Les Trois d’El Hiblu

Détournement d’humanité

En 2019, Amara, Abdul et Abdalla sont arrêtés à Malte. Accusés d’avoir détourné le navire pétrolier El Hiblu 1, ils ont été inculpés en novembre 2023 en vertu de législations antiterroristes. Leur tort ? Anglophones, ils ont simplement accepté de jouer les interprètes avec la centaine de personnes secourues.

Le 26 mars 2019, 108 personnes fuyant la Libye tentent de rejoindre l’Europe à bord d’un canot pneumatique. Alors que l’embarcation commence à se dégonfler, un cargo se porte à leur secours : c’est le navire pétrolier El Hiblu 1. Le capitaine leur assure mettre le cap sur Malte, terre la plus proche. Mais il ne tarde pas à virer vers Tripoli, sous les ordres d’un avion de l’opération militaire européenne Sophia. À la vue de la Libye – terre de torture pour les exilé·es – certain·es menacent de se jeter à la mer et d’autres annoncent qu’ils refuseront de descendre du bateau. Face à ces réactions, le navire repart vers Malte. Le capitaine demande à trois exilés anglophones d’opérer la traduction avec les passagers à majorité francophone1.

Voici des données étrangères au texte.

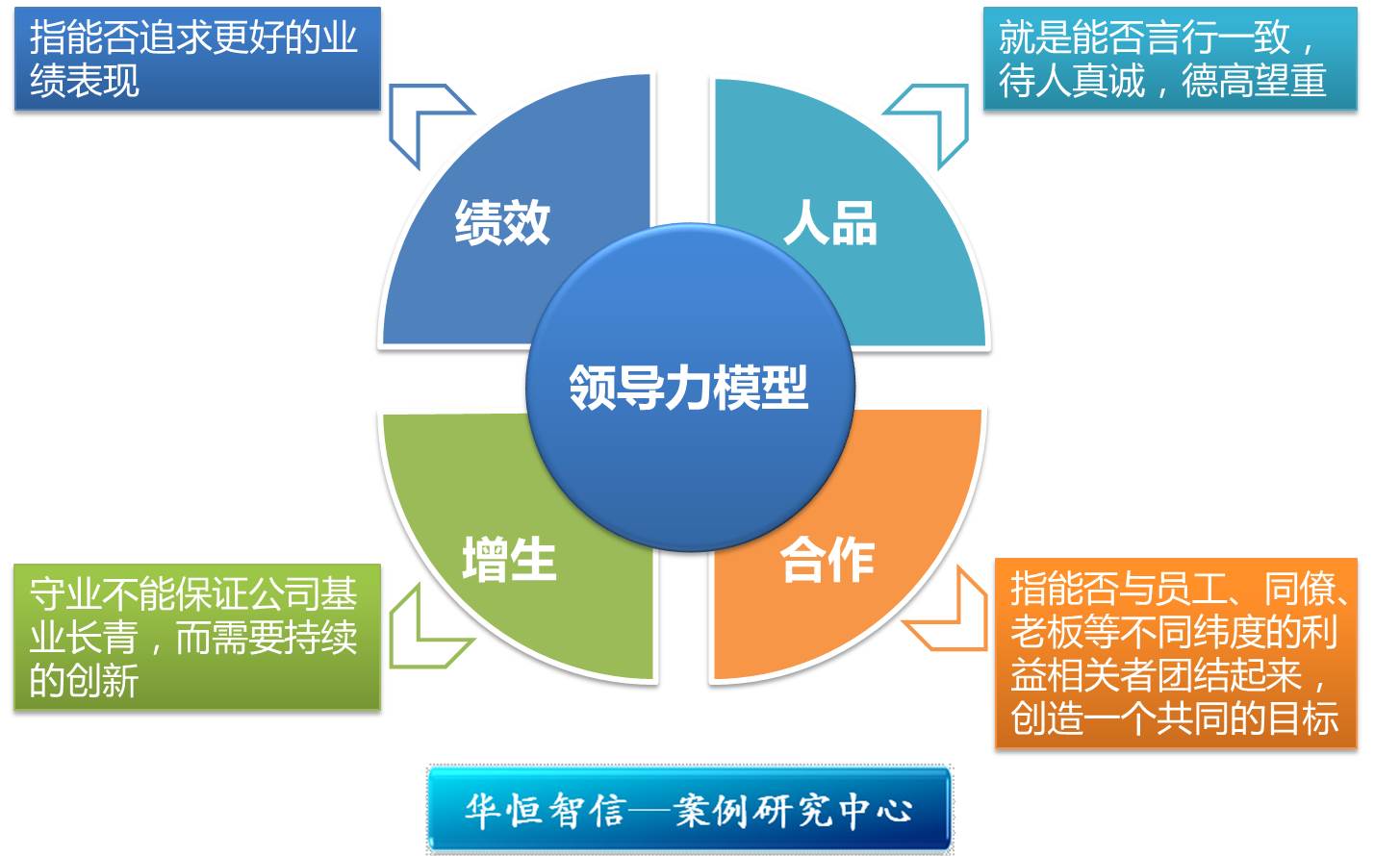 据王晶介绍,这个升级版的领导力模型主要包括四个象限内容。第一象限核心是人品(Authenticity),就是能否言行一致,待人真诚,德高望重;第二象限核心内容是绩效(Performance),指能否追求更好的业绩表现;第三象限是增生(Growth),守业不能保证公司基业长青,而需要持续的创新;第四象限是合作(Collaboration),指能否与员工、同僚、老板等不同纬度的利益相关者团结起来,创造一个共同的目标。
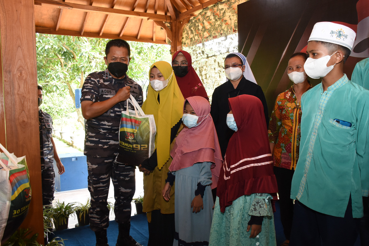 Bantuan sosial berupa sembako yang diangkut menggunakan kendaraan dinas TNI ini dikirim langsung ke tempat Panti asuhan dan Panti Jompo antara lain, Bakti Luhur Tropodo Waru, yayasan Ar Rahman Sedati dan Pesantren Al. Muttaqin. Sebelum bantuan diberangkatkan ke tempat tujuan dilaksanakan penyerahan secara simbolis oleh Laksda TNI Agus Hariadi kepada perwakilan dari pengurus panti asuhan, yayasan dan pondok pesantren.
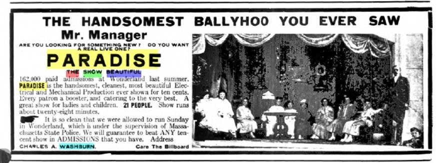 Alas for George Washburn, no one else appeared to want his Paradise show after its 1908 appearance at Wonderland.
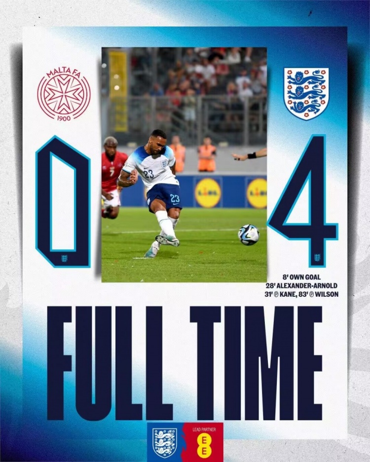 6月17日讯 北京时间6月17日02:45,欧洲杯预选赛C组第3轮英格兰客场挑战马耳他的比赛,上半场萨卡造乌龙,阿诺德世界波,凯恩点射,下半场威尔逊点射建功,最终英格兰客场4-0大胜马耳他三连胜继续占据C组榜首。
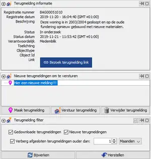 Via het paneel "Nieuwe terugmeldingen om te versturen" kun je een of meerdere terugmeldingen aanmaken. Het is hierbij (nog) niet mogelijk een BAG id op te geven, maar de coordinaat van de melding is voldoende om de melding in behandeling te nemen.
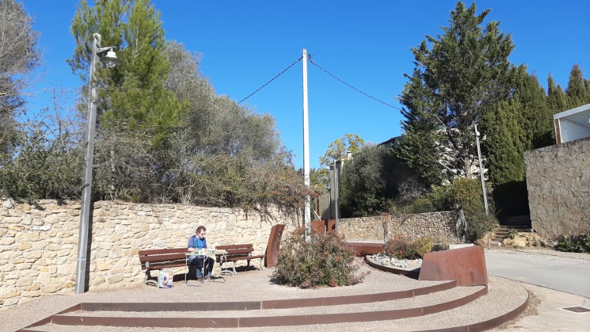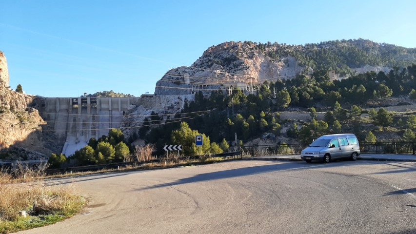 Au niveau de Valencia, on bifurque sur l'autoroute direction Madrid. Bien plus tard, nous nous arrêtons aux abords de Villagordo Del Gabriel où un camping est indiqué. Il est fermé en cette saison. L'endroit est paisible, nous nous installons, sur une petit espace en bordure de la route; un parking point de départ de rando, face à un barrage qui nous domine.

Amara Kromah, Abdul Kader et Abdalla Bari ont entre 16 et 19 ans et sont originaires de Guinée et de Côte d’Ivoire. À l’arrivée du bateau dans les eaux maltaises, ils sont emprisonnés pendant près de huit mois, accusés d’avoir activement détourné le navire en menaçant l’équipage, avant d’être libérés sous caution en novembre 2019. Soutenu par de nombreuses ONG et associations qui demandent l’abandon des charges, leur cas est aussi médiatisé à travers les nombreux témoignages des personnes exilées présentes à bord du pétrolier2. Tous affirment qu’il n’y a pas eu de violences, qu’ils n’étaient pas armés et que les adolescents-interprètes sont plus des héros de circonstance que des leaders.

*

Dans cette affaire, tout est absurde. Pour de nombreuses organisations de défense des exilé·es, c’est la tentative de les ramener en Libye qui est illégale : la loi maritime internationale impose de déposer les naufragés en « lieu sûr ». Or, des centaines de témoignages, à commencer par ceux des autres exilés à bord d’El Hiblu 1, décrivent l’horreur en Libye : torture, emprisonnement, esclavage, viol… Lors d’une des premières audiences, le procureur en charge du dossier pérore : «  Sauf votre respect, cela revient à dire que si mon enfant est malade, j’ai le droit de voler pour le soigner[« El Hiblu 1 : “Age assessment confirmed two of the accused are minors” », Newsbook Malta, 11/04/2019.]. » Même tonalité réprobatrice dans le traitement médiatique international, où s’impose l’idée du piratage, les images de l’interception du navire par l’armée maltaise faisant foi. Cette tendance à associer trajectoires d’exil et terrorisme, un biais idéologique sans fondement, est de plus en plus répandue en Europe (voir-ci dessous).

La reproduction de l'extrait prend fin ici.